OpenAI is running the same play in compressed time, and it is not hiding it. The Ads Manager that went live on May 5 runs a relevance-weighted second-price auction. That is the published mechanism. It means a tighter, more relevant ad on a smaller bid beats a lazy ad with a bigger budget. Relevance gets weighted. To weight relevance, you have to know what people actually click. The branded link update is the meter that reads it.
So the two events are one event. The traffic win is real. It is also the byproduct. The product is the click data itself.
Who won, who sat out, and why
The category split makes sense the moment you stop counting traffic and start reading intent. In Profound’s data, B2B SaaS referrals jumped more than 200%. Fintech rose around 60%. E-commerce stayed roughly flat.
ChatGPT is minting clicks in the categories where people ask for a company by name. Best tool for. Alternatives to. Who should I use for. Purchases with a transactional path route through the shopping surface instead, so retail sits the link auction out for now.
The brand auction is getting built first. If yours is a category where buyers ask ChatGPT for a name, you are already in the training set whether you planned to be or not.
Three moves while the window is open
The free-traffic window is open right now. Treat it like inventory you can earn before you have to rent it.
Make ChatGPT a named channel in your reporting. Add chatgpt.com and openai.com as referral sources today. Google made this easier on May 13 by adding a native AI Assistant channel to GA4 that classifies ChatGPT, Gemini, and Claude traffic with no custom filters. One caveat. A large share of AI visits arrive from mobile apps that strip the referrer and land in your direct bucket, so the reported number undercounts the real one. Tag what you can. Assume there is more.

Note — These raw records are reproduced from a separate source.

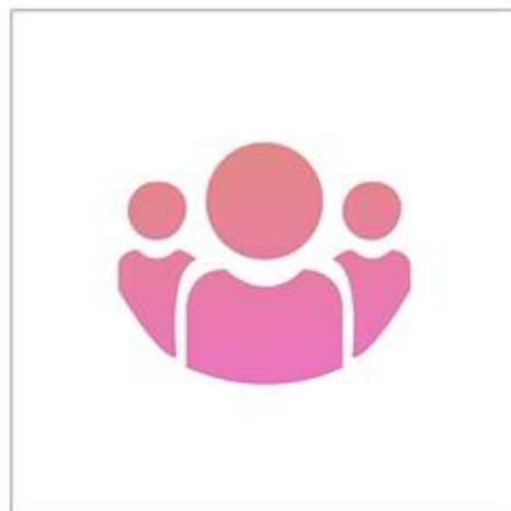
Ведение социальных сетей
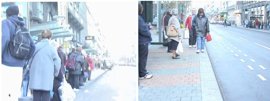
Fig 5. Les voyageurs en attente aux quais ou les piétons circulant sur les trottoirs : des «obstacles» à prendre en compte à l'approche en station

Les voyageurs pris en compte par les conducteurs ne sont pas seulement ceux qui sont dans le véhicule mais aussi ceux qui attendent à l'arrêt en station. De ce point de vue, les contraintes induites par le guidage apparaissent plus importantes. Les voyageurs ont en effet tendance à se rapprocher du bord du quai et les conducteurs craignent de les toucher s'ils se rapprochent trop vite du quai (figure 5). Cette inquiétude est partagée par les conducteurs de l'agglomération A1 qui considèrent pourtant que la conception des stations et du tracé est plutôt satisfaisante.
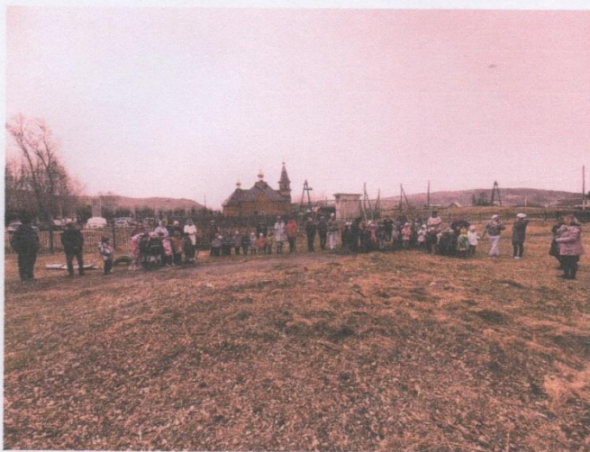
Сверка списочного состава детей и сотрудников

Заведующий МБДОУ Детский сад «Подснежник»
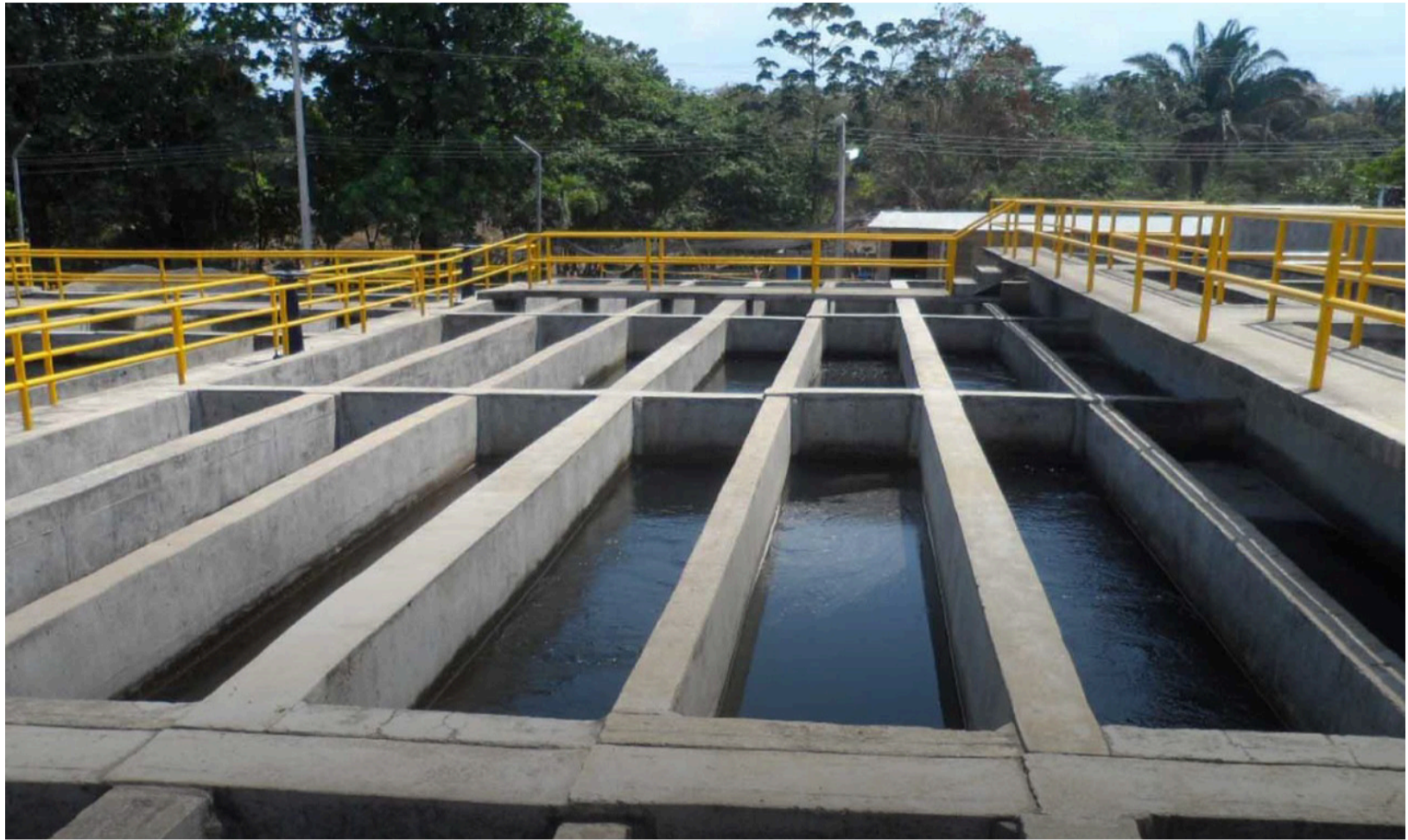
La ciudad parece estar 'al cuello' de sus propios servicios: muchas personas reciben agua de forma intermitente.

Treat your homepage like a cold landing page. One in four AI clicks now lands on your front door from someone who knows nothing but your name. They arrive with the one sentence ChatGPT wrote about you and about five seconds of patience. If they cannot tell what you do and who it is for in that window, you earned the click and handed it right back.
Win share of answer while the clicks are still earned. This is the Answer Ownership move. Every click you earn organically today is a data point in the auction that prices your ads tomorrow. The brands that own the answer now set the floor everyone else has to outbid later. The ones that wait will pay to buy back visibility they could have had for free.
The part that should make you uncomfortable
OpenAI pulled in over $100 million from a six-week pilot before any of this went self-serve. The stated target is $2.5 billion this year and $100 billion by 2030.
Those numbers do not come from showing ads. They come from pricing them well. And pricing them well requires exactly the click data the May 7 update just switched on.
You are not the customer of that system yet. Right now you are the free traffic. Every click you earn today becomes the case study OpenAI uses to price your ads tomorrow.
The window where AI mentions are earned, attributable, and free does not stay open. Own the answer while it is still organic.
Great work to Josh Blyskal and the Profound team. This is the most important shift in the category today.